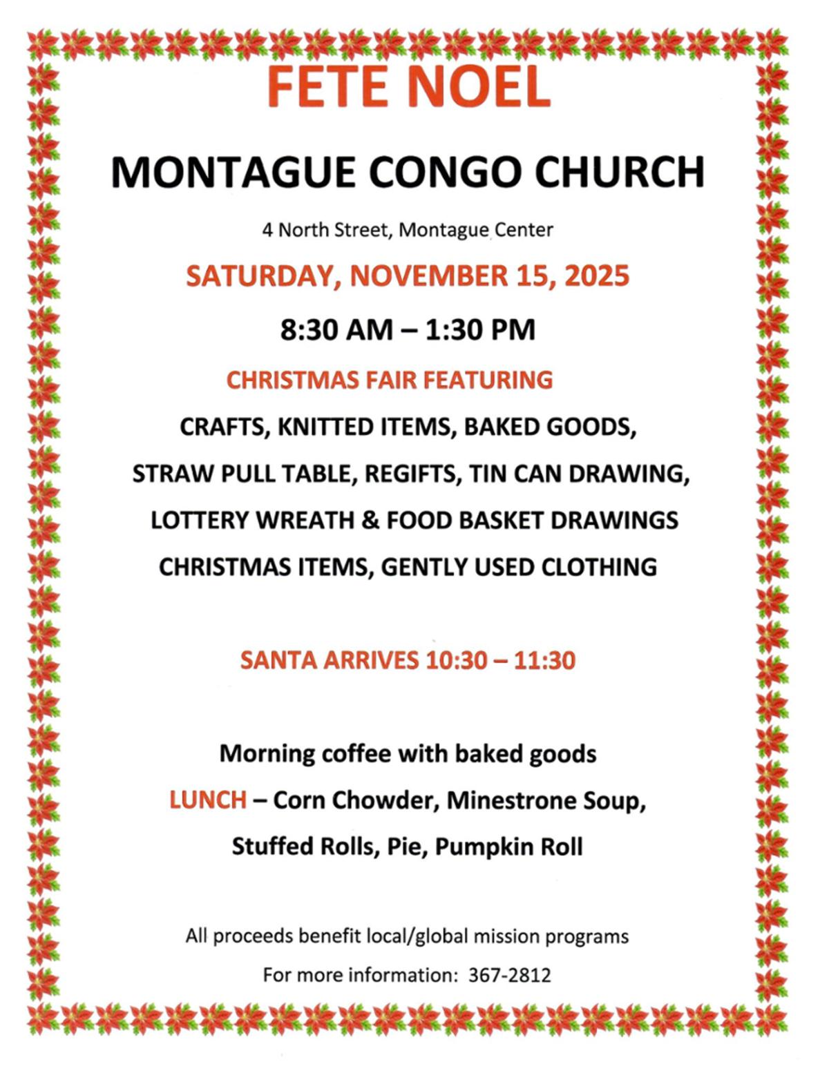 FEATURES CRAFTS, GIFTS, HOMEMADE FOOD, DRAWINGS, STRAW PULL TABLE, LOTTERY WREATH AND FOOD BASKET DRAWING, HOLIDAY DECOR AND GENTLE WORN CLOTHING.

★ ★ ★

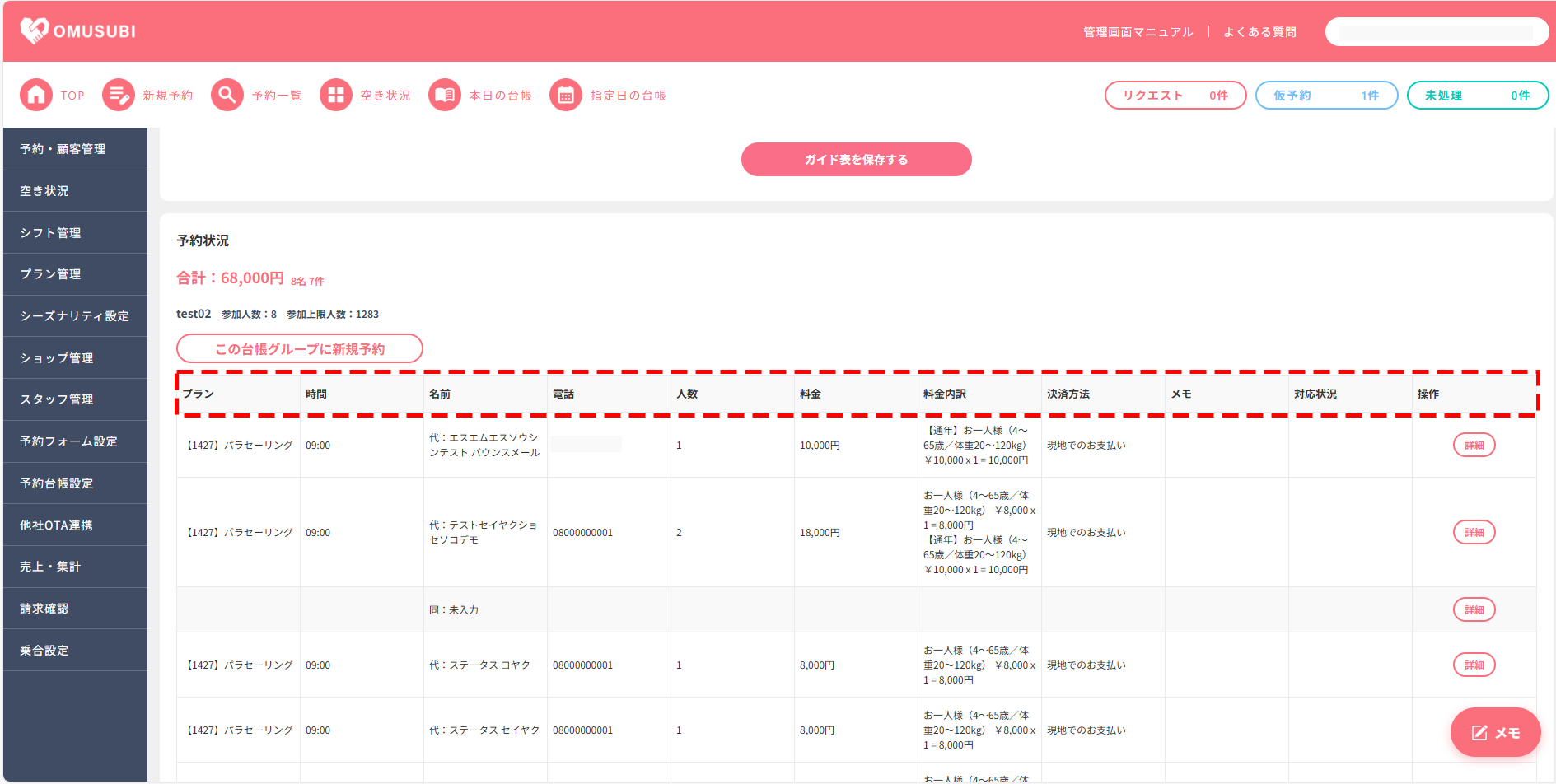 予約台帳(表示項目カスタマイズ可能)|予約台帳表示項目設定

★ ★ ★

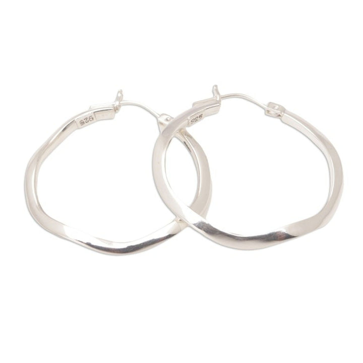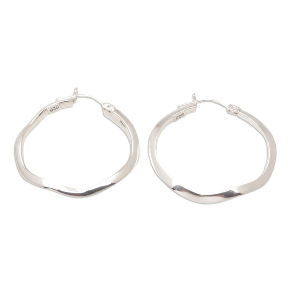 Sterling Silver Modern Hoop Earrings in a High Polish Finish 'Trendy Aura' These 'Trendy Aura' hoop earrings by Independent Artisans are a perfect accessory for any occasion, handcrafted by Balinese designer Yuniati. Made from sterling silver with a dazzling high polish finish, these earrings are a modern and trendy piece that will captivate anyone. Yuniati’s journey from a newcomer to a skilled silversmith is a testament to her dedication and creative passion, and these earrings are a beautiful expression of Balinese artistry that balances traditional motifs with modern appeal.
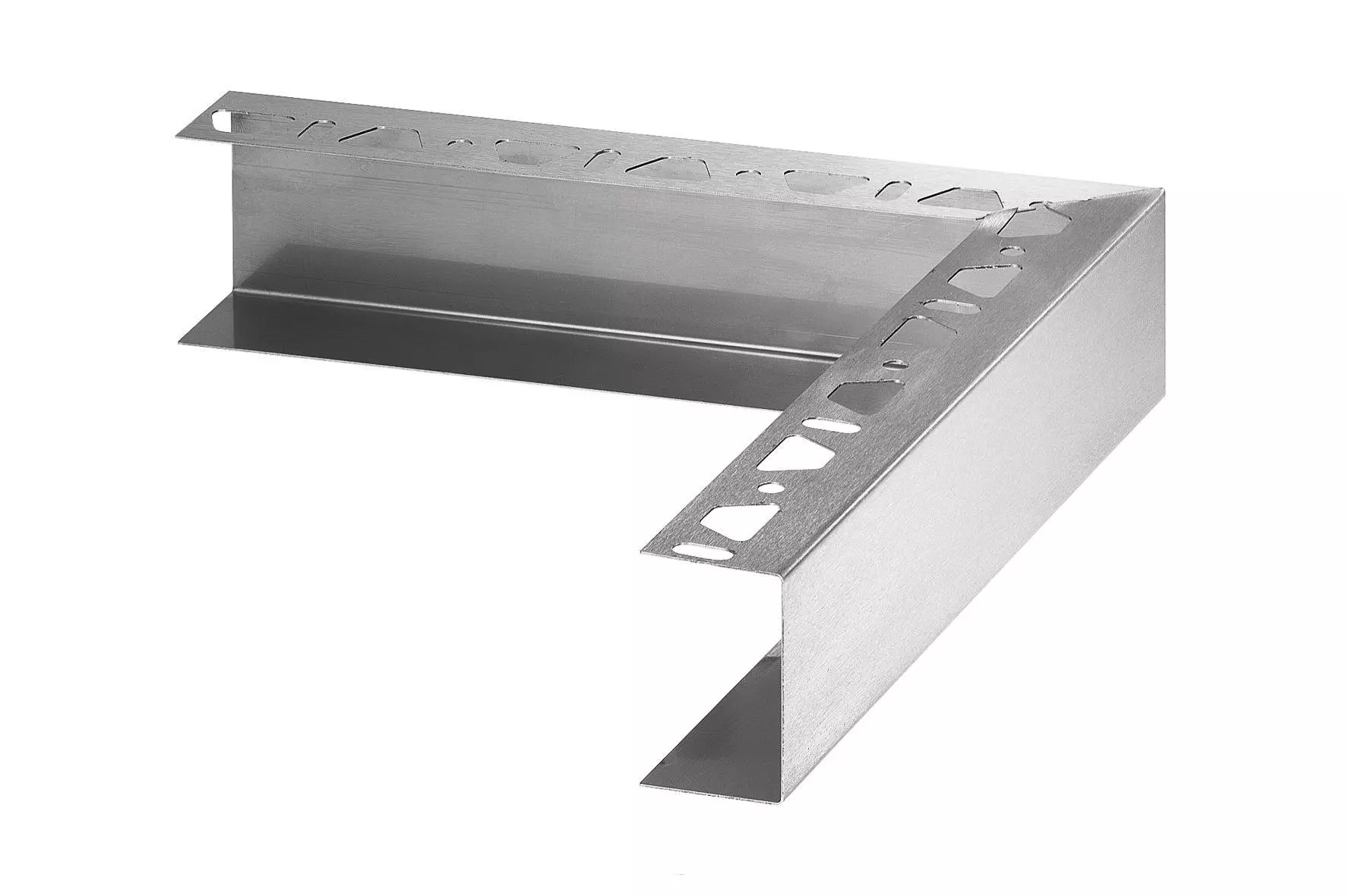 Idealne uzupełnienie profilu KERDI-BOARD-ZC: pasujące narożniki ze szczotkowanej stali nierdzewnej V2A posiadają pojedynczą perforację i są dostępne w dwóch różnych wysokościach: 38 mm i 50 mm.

★ ★ ★

→ **What the task asks**
Taking the entries above, extract every line from the one bearing "Sterling Silver Modern" through the one bearing "Idealne uzupełnienie profilu", exactly, with no pictures.

→ **Your response**
 Sterling Silver Modern Hoop Earrings in a High Polish Finish 'Trendy Aura' These 'Trendy Aura' hoop earrings by Independent Artisans are a perfect accessory for any occasion, handcrafted by Balinese designer Yuniati. Made from sterling silver with a dazzling high polish finish, these earrings are a modern and trendy piece that will captivate anyone. Yuniati’s journey from a newcomer to a skilled silversmith is a testament to her dedication and creative passion, and these earrings are a beautiful expression of Balinese artistry that balances traditional motifs with modern appeal.
 Idealne uzupełnienie profilu KERDI-BOARD-ZC: pasujące narożniki ze szczotkowanej stali nierdzewnej V2A posiadają pojedynczą perforację i są dostępne w dwóch różnych wysokościach: 38 mm i 50 mm.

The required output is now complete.